In my reading on this forum, and my 1st month with my hedgie, I've come to appreciate that bathtime can be very very stressful. 

With my hedgie, Mal, she seems to find the baths distasteful but my presence is comforting. 

Perhaps instead of gloves you could use a towel or piece of fleece so that your scent isn't masked. As far as bonding time goes, I know that everyday for Mal is a must. Even if it is just her sleeping in her fleece bag on my lap for an hour or so. This can go a long way to helping your new hedgie get used to you, and eventually find your mere presence a comfort.  

Hopefully someone will be by to address the vomiting. I have yet to experience that with Mal, and I would hazard a guess that Sonic experienced this unfortunate episode perhaps due to stress. 

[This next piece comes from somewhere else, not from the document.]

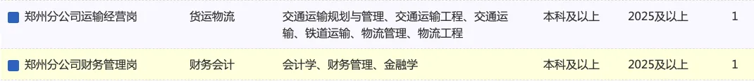 郑州分公司招聘岗位:
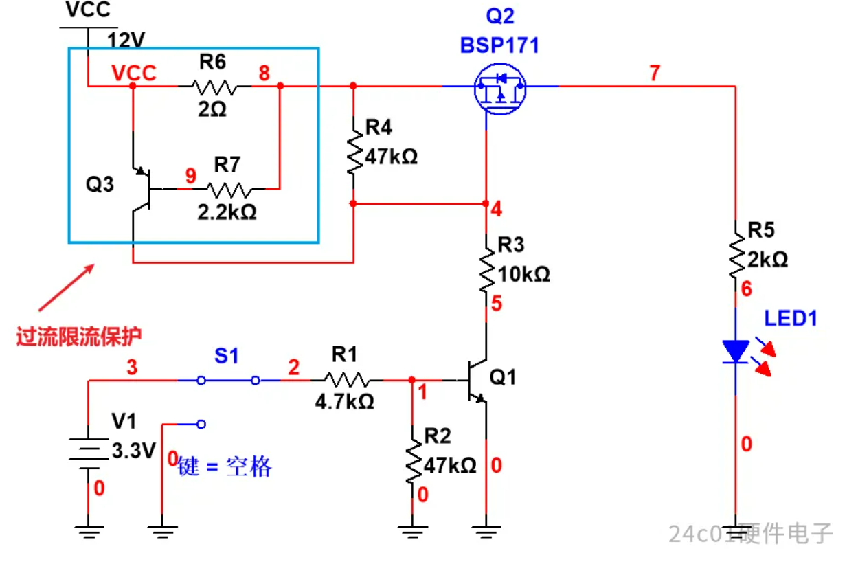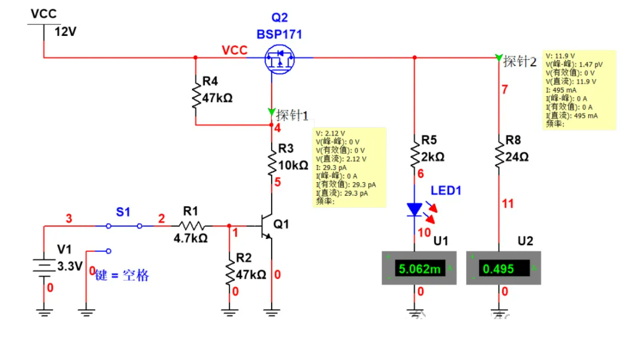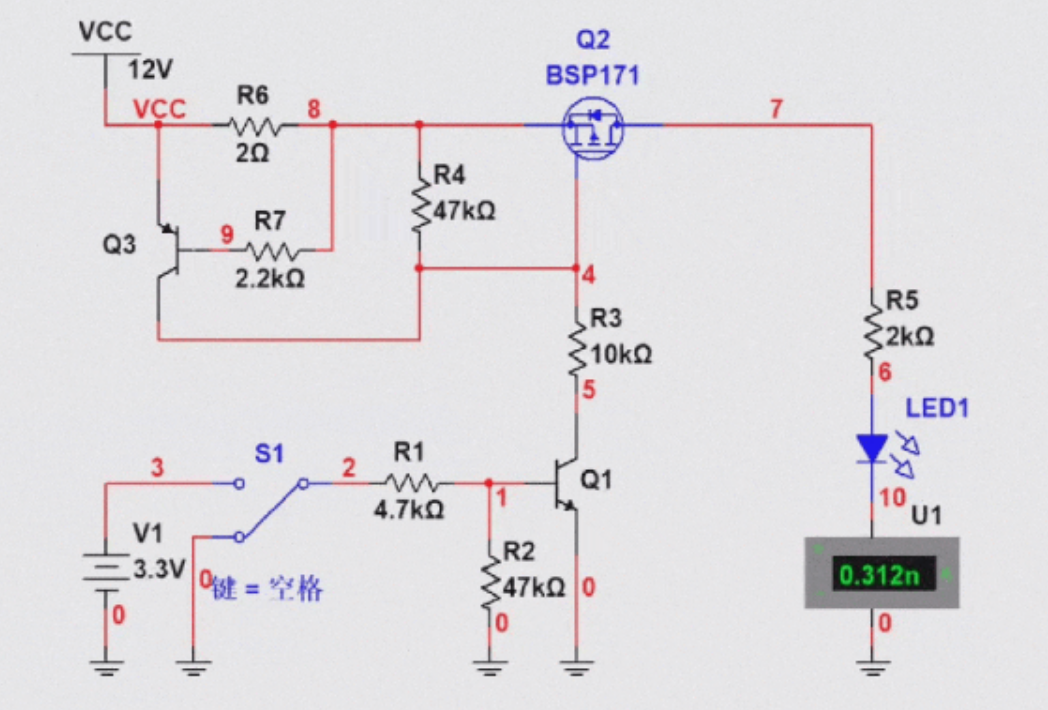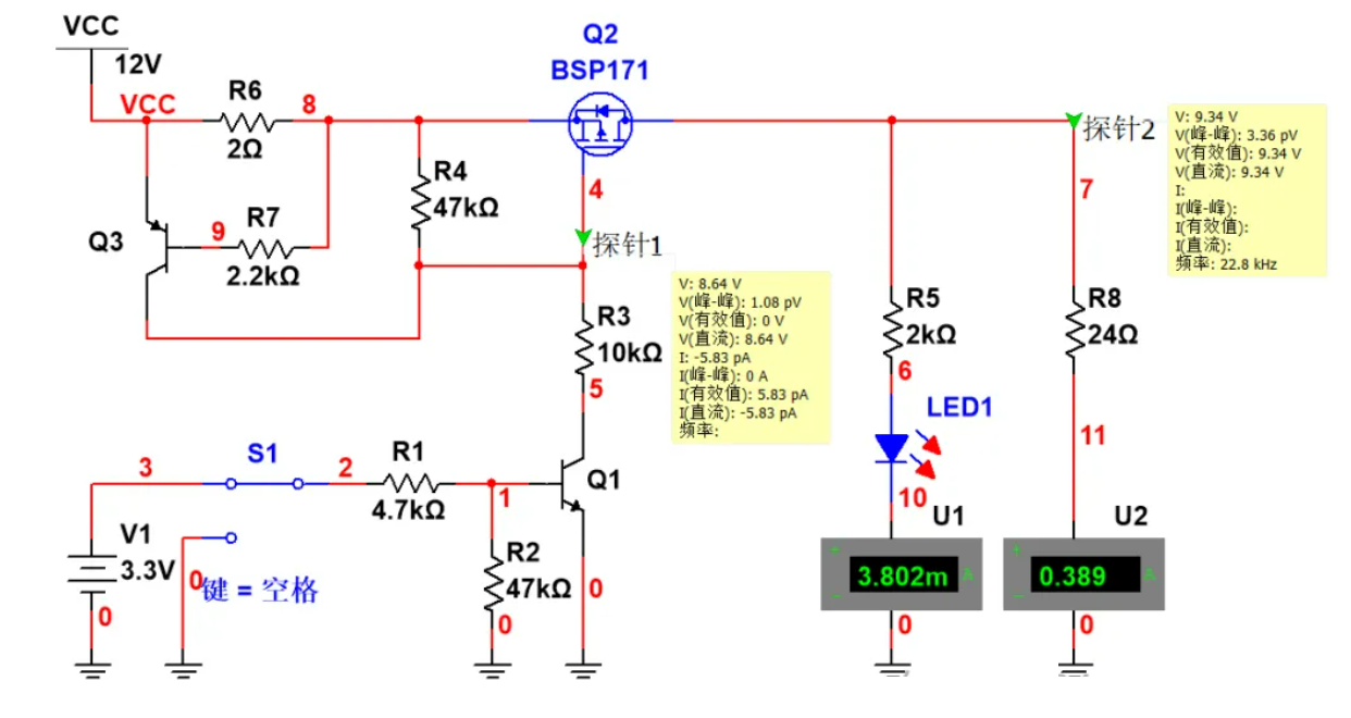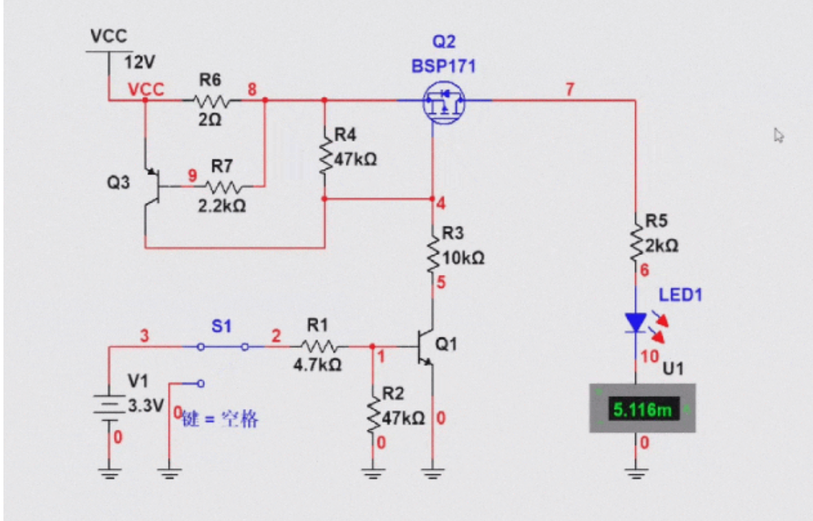 那么我们就对增加了过流限流的电路进行仿真,仿真结果如下,可以看到,当S1开关拨到3.3V时,此时Q1三极管导通,然后Q2导通,LED灯亮,此时由于负载电流为5mA左右,所以R6两端的压降为10mV左右,所以说Q3处于截止状态;

Good luck with him  He sounds like an adorable grump in need of some TLC, and I'm glad he's with you now.


----------



## AngelaH (Jul 24, 2012)

I also would guess the vomit was due to getting too stressed. It seems like most of them frantically try to climb out of water in a panic. 
Hedgies really need to be handled, most people on here call it 'bonding time', every day for at least a half hour. What works best for me is to let Thistle lay in my lap under a light blanket in the evening while I'm at my computer or watching TV.


----------



## Viki (Jul 10, 2012)

Gloves are normally a bad thing for hedgehogs because it hides your sent. Also most hedgehogs need a MINIMUM of 30 minutes a day out. I have Willow out for 8-10 hours everyday. Well I got my wisdom teeth out a few weeks ago, there was 2 days she only got 20 minutes. I did notice that with in those 2 days she started to become less social so I know for Willow, time out every day is a must. Unfortunately I have tons of experience with puking hedgehogs. It sounds like your hedgehog needs a bit more social time. My mom has this friend who got a hedgehog because I have one and my mom told her how cool they are. Well this hedgehog never gets baths, nails clipped, time out of it's house, nothing. When I was hanging out with the hedgehog she ended up pooping green mucusy poop and throwing up. She was so stressed because she was being handled and wasn't use to it. Try spending some time with your hedgehog daily, that even includes them sitting on your lap in a blanket while watching tv or doing homework, Willow is laying in her pet bed on my desk as I type this and the best part is it counts as bonding time. Good luck.


----------



## smhufflepuff (Aug 28, 2008)

Yes, hedgie can throw up due to the stress of a bath. Given his reaction, I'd do my best to keep baths to a minimum. Though, if he's a mess, there's not a good way around it.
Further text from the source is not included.